As AMC Entertainment winds down an ill-fated plan to raise fresh capital and bolster its pandemic-battered coffers, the multiplex chain’s stock price, once bolstered by bored day traders, has fallen below $2.
That’s down 62.5% in under two weeks, following a judge’s approval of a revised shareholder settlement which in turn allowed the company to begin converting AMC Preferred Equity, or APE, stock units to regular shares. The issuance of APE units and the undoing of that plan have seemed equally unpopular with investors.
Eliminating the APE in theory should allow the theater chain to raise money, at the cost of diluting existing AMC shareholders. At the close of trading Wednesday, shares had fallen to $1.95. AMC plans to complete a 1:10 reverse split Thursday, which would effectively boost its per-share price.
A shaky pandemic recovery
The global COVID pandemic inflicted massive losses on AMC as governments ordered theaters closed. Even when vaccines began rolling out in early 2021, studios continued to hold back on prime theatrical releases or put them on streaming services in lieu of or along with concurrent theatrical exhibition.
That was both due to COVID-related concerns and Wall Street pressure to juice streaming content and subscription figures. It’s taken a while for Hollywood to reverse course: 2023 has truly been the first year with a theatrical slate approximating pre-COVID levels in volume.
AMC lucked out in early 2021 when the company became a meme stock, with shares peaking above $70.
The APE units were an attempt to capitalize on the internet craze. But after the company issued them in August 2022, shareholders sued, which essentially froze the company’s efforts to raise capital.
A judge rejected the initial settlement on July 21 but approved a revised settlement on Aug. 11, and the stock has been in free fall ever since. That’s largely because the unwinding of the APE plan meant dilution for existing shareholders, eroding the value of their stakes. And that’s before the company issues even more new shares to raise much-needed cash.
Is bankruptcy in the cards?
“Barbie” and “Oppenheimer” gave AMC its biggest revenue month ever in July. But investors, looking forward, see an industry in the grips of a massive labor stoppage and question AMC’s long-term health if the strikes cause gaps in the release calendar like the industry saw in 2021 and 2022.
AMC CEO Adam Aron has been vocal about making liquidity the top priority.

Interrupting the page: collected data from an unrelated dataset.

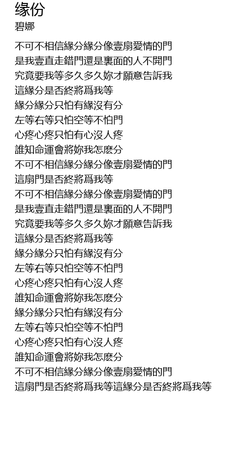 | [03:22.20] | 不可不相信緣分緣分像壹扇愛情的門 |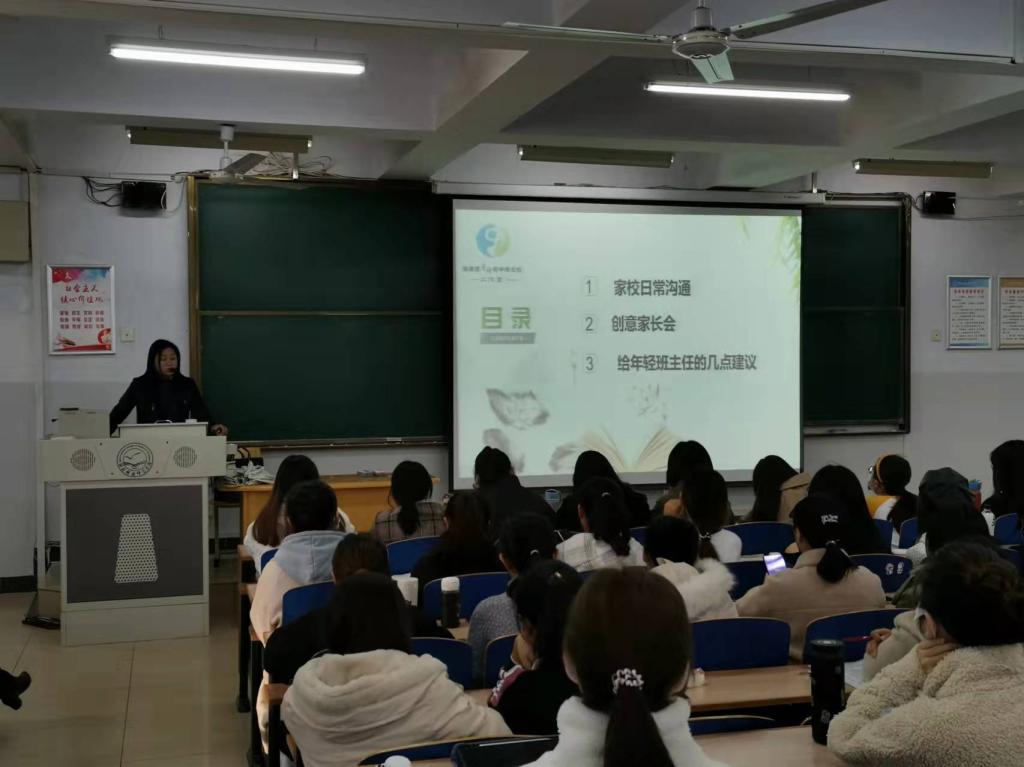 首先,崔经理向全体师生隆重介绍了主讲人肖婧老师。接着,肖婧老师从家校日常沟通、创意家长会、给年轻班主任的几点建议三个方面详细讲解了作为一名班主任在家校沟通中的重要作用、主要职责和沟通技巧,肖婧老师用自己在20多年班主任工作中的真实案例,向同学们生动展示了与员工家长面对面沟通、线上沟通和电话沟通的技巧,策划和组织各类创意家长会的方法和流程,并给在座的2018级即将走上教学岗位的毕业生提出了中肯的建议,肖婧老师用自己幽默的表达、恳切的言辞、饱满的激情感染了在座的每一位员工,会场中欢笑声和掌声此起彼伏,讲座进行到最后,崔经理对本次讲座进行了提纲挈领的总结,全体师生用热烈的掌声感谢肖婧老师的经验分享。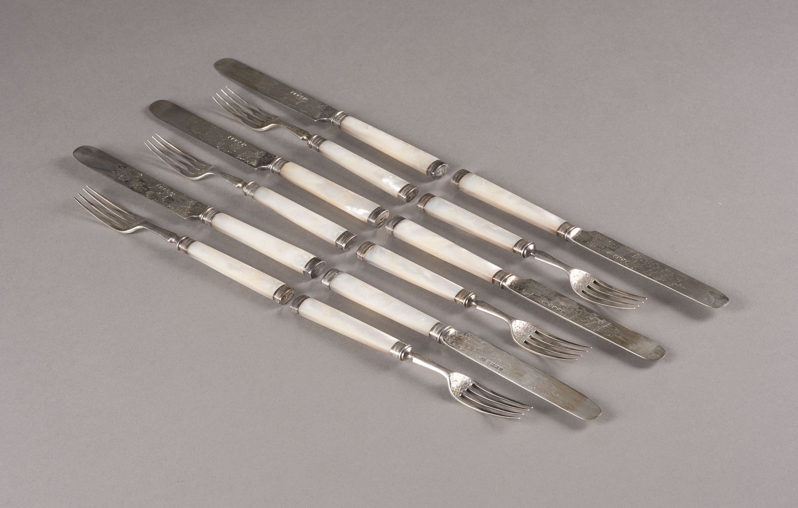 Silber, Perlmutt. Ges. Gew. 922 g, L. 19,5 cm (Messer), L. 16 cm (Ga. Unterseitig punziert mit Feingehaltsmarke, Hersteller- und Garantiemarken sowie Jahresbuchstabe 'm'. Mit Monogramm "AM" und in originaler Holzkiste. Bestehend aus: 12 Messern und 12 Gabeln.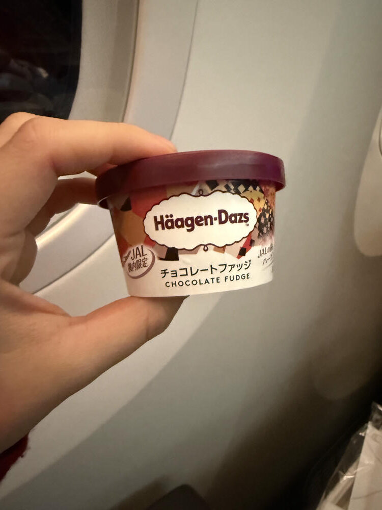 The JAL-exclusive Häagen-Dazs ice cream, with its melted chocolate covered by vanilla ice cream, was the perfect treat.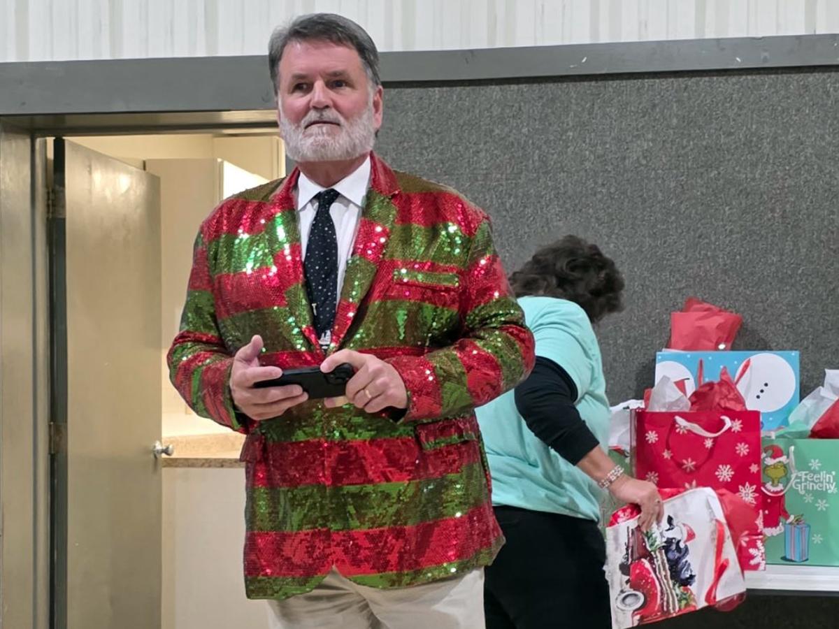 Marshall County Judge/Executive Kevin Spraggs was in the holiday spirit as he called out bingo numbers for senior citizens during a recent holiday event.

“The dumbest thing we could ever do as a company is run out of cash,” said Aron during the company’s most recent earnings call.
The problem is that what’s good for the company — raising more cash — may not be great for investors. But dilution is preferable to bankruptcy, where shareholders might get wiped out altogether.
Ross Gerber, CEO of Gerber Kawasaki Asset Management, doubts the company will truly go belly-up anytime soon.
“AMC is one of the better brands in the movie business,” he said. “$5 billion in debt would be peanuts for an Amazon or an Apple,” he continued, noting that a recent shift in the legal landscape around theater ownership with the expiration of the Paramount Decrees meant that a studio could just buy the theater chain.
While that notion seemed less likely when COVID put the fate of the industry in peril, a recovering theatrical marketplace makes owning a theater chain more enticing.
Gerber also noted the sheer number of businesses, both within the industry and in terms of neighboring economic activity, that depend on a vibrant mutiplex industry. It’s still the center of activity at many a shopping mall, and studios increasingly eye theatrical revenue as a much-needed component of their businesses’ overall profitability.
Like any good ongoing cinematic saga, this one is to be continued. Will AMC raise enough money to stave off a stock collapse and wait out the full revival of the box office? Will the movie business ever get back to pre-pandemic levels? It would be a gripping script to pen if the Writers Guild weren’t on strike.
AMC Theaters declined TheWrap’s request for comment.